From the monetary front, FED officials proved to be restrained about when it would be time to ease monetary conditions, according to the minutes from their May meeting. A clear lack of progress towards bringing down inflation to the FOMC’s objective of 2% conditioned a willingness to tighten policy further should upside risks materialize. Nevertheless, later on officials including Chair Powell made it quite clear that this does not entail the prospects of another interest rate hike in the coming future. In Europe, while an interest rate cut in June is already a foregone conclusion, attention has shifted beyond this timeline following various public communication from the ECB. While the ECB divergence from FED in terms of immediate monetary policies has been helped by the fact that the Ukraine conflict-sourced inflation that badly affected Europe had fallen faster than elsewhere, currently there is a significant amount of cost pressure from rapid wage growth. This is pushing up services prices, which means that the ECB policy would need to be restrictive until 2025.

Equity markets switched on again to a risk-on mood driven higher in particular by the technology sector and the Magnificent 7 group. Another very healthy earnings report from Nvidia, although not as mind-blowing as others in the last year, has brought to a fine conclusion another earnings season, easing market participants worries about a higher for longer interest rate environment.   Yet again, the market goes up in an asymmetrical fashion whereby the AI-related stocks’ outperformance is driven not only by real earnings, but mostly by a very compelling narrative about the game-changing nature of introducing AI in every walk of life. While this might indeed be another industrial revolution in the making, beyond the narrative there is currently a clear lack of visibility as to how will corporates actually manage to monetize on such fundamental change in their business models. Therefore, we are witnessing the materialization of expectations regarding the first degree of the AI winners, namely the infrastructure builders.  At some point, the fumes created by the current narrative should transform into real AI economics and only then markets will effectively be able to grasp whom the long-term AI winners will be.
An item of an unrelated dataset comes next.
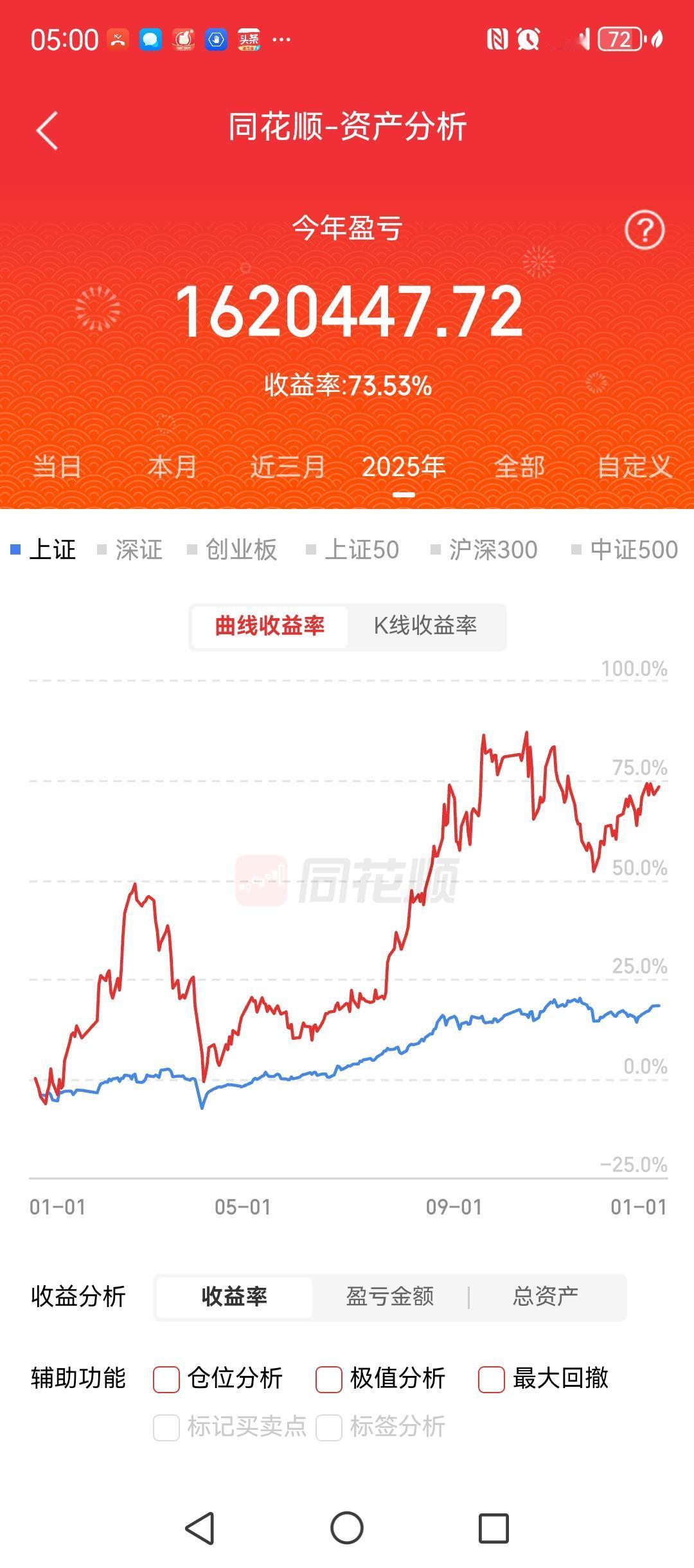 六年时间,1200%左右的收益是如何一步步实现的呢? 接下来,我慢慢复盘。 2019年二月二十一号买入生益科技,8月27号卖掉。2019年9月5号买入603118共进股份,2020年3月16号卖掉。2020年5月19号买入东方电缆, 2020年8月11号卖掉。2021年3月12号买入沃尔核材,2024年10月23号卖掉。2021年6月25号买入通富微电,2024年11月7号卖掉。2024年10月30号买入水晶光电,2025年9月15号卖掉。2024年12月6号再次买入生益科技,2025年1月21号卖掉。 2025年,除了上述的两次卖出之后,重新买入股票后仓位一直保持满仓,持有至今。他们都是科技股,一只属于人形机器人板块,另外一只是电子元器件板块。其中的机器人个股持有时间已经一年有余,目前收益在80%左右。 2020年8月11号卖出东方电缆之后,有一段时间是不赚钱的,出现了将近35%左右的回撤。 这过程当中,曾经买入共进股份,建投能源,银信科技和格林美,买卖不当,出现了较大亏损。 否则,这6年的收益可能就不是1200%,而是2200%了。 吃一堑,长一智。从2021年9月份之后,账户上就再没有出现过亏损的操作。 所以,从2021年9月份开始,稳健获利,复利加速。 欲穷千里目,更上一层楼!会当凌绝顶,一览众山小!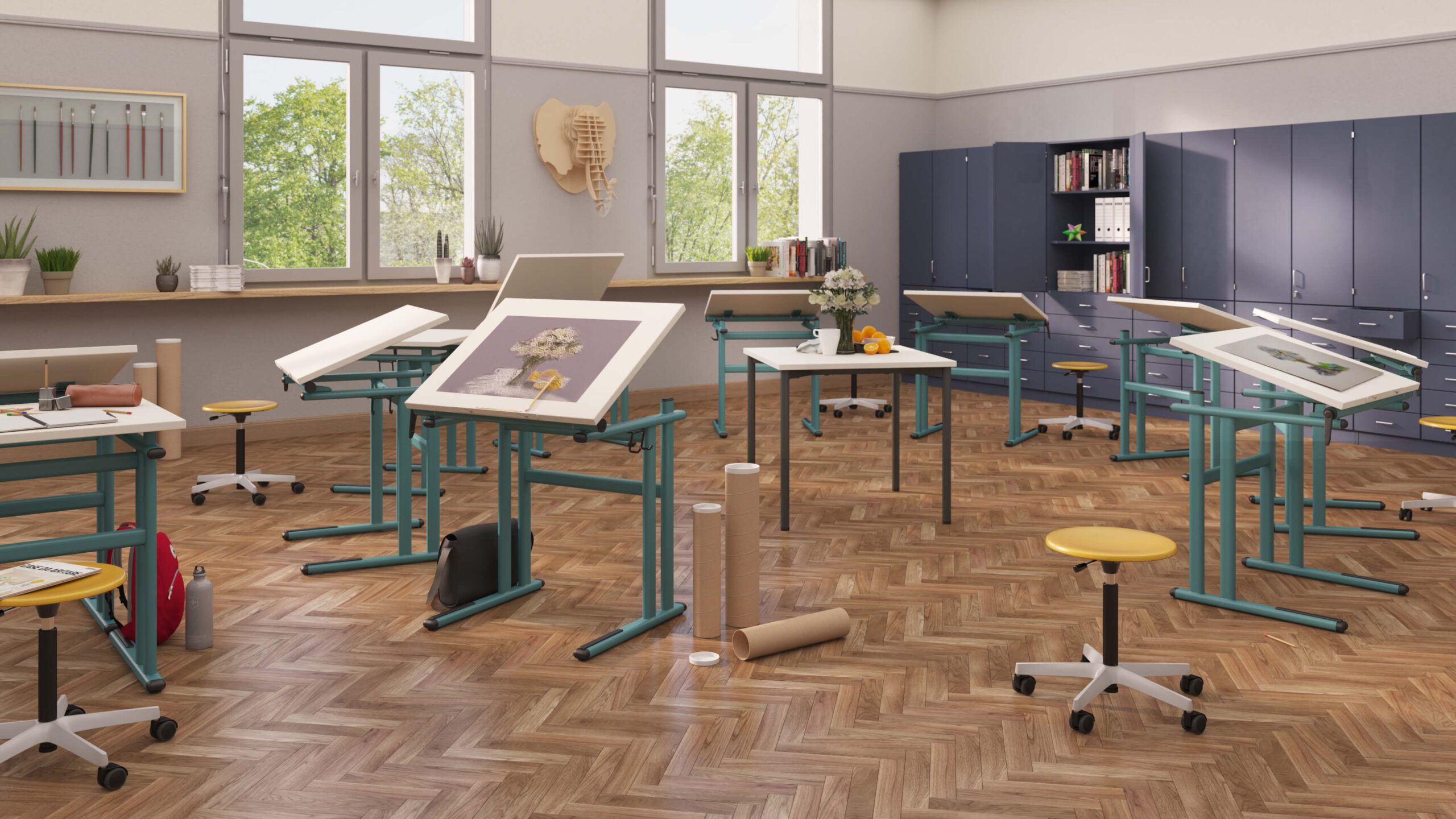 Large work surfaces for ambitious projects, organized storage that keeps supplies within reach, and mobile elements that let teachers provide guidance exactly when students need it most.

Market Environment and Performance

May Purchasing Managers’ Index (PMI) indicators showed that the Euro area economy moved closer to stabilization, amid a sustained performance in services (reading of 53.2 versus the previous month reading of 53.3) and a recovery in manufacturing (reading of 47.3 versus a previous month reading of 45.7). Overall, activity marked the strongest increase in Eurozone economic activity since May 2023 as demand boosted output and hiring. Headline inflation accelerated at 2.6%, up from February’s 2.4%. The core rate excluding volatile food and energy prices also increased to 2.9%.

The US economy started to show signs of moderation, albeit activity still signalling a modest improvement in the health of both the manufacturing (reading 51.3 v 50.0) and service (reading 54.8 v 51.3) sectors. Companies boosted output due to a renewed rise in new orders, following a slight decline in April, and new export business saw a marginal increase. The latest inflation release showed only a modest slowing, as headline inflation came in marginally lower at 3.3%, compared to April’s 3.4%. Core inflation eased to a three-year low at 3.4%.

In May equity markets posted a surprising rally toward new all-time highs, as market participants have been once again taken over by the AI hype. While in the first months of the year market performance was more evenly distributed between sectors, this time around the market performance was carried by the technology sector, once again riding the promise of earnings growth triggered by the advent of AI into day-to-day business. Geographies were clearly diverging this time in line with the local indexes technology weightings, while emerging markets apparent revival of late proved to be just an illusion. The S&P 500 index gained 3.18% with most of the performance being achieved by Magnificent 7 stalwarts. European markets were not coordinated as the EuroStoxx50 and the DAX gained 1.27% and 3.16% respectively, the latter being clearly favoured by its big utilities sector.

Fund Performance

In the month of May the Global Opportunities Fund registered a 2.40 per cent gain, outperforming its hedged comparable benchmark by 51bps. The Fund’s allocation has been adjusted, as the Manager repositioned it to better respond to the recent market developments. New conviction name Meta Platforms has been invested in based on high expectations of its business model strongly benefitting from the AI introduction to day-to-day business activity. Recent conviction names Uber Technologies, Walt Disney, Samsung Electronics and Applied Materials have also been increased as recent downside prices moves offered interesting entry levels. Holdings in United Parcel Service Inc, Takeda Pharmaceuticals, ConocoPhillips and McDonald’s Corp have been liquidated as recent earnings reports and market trends showed limited upside potential in our view. Cash levels have been decreased.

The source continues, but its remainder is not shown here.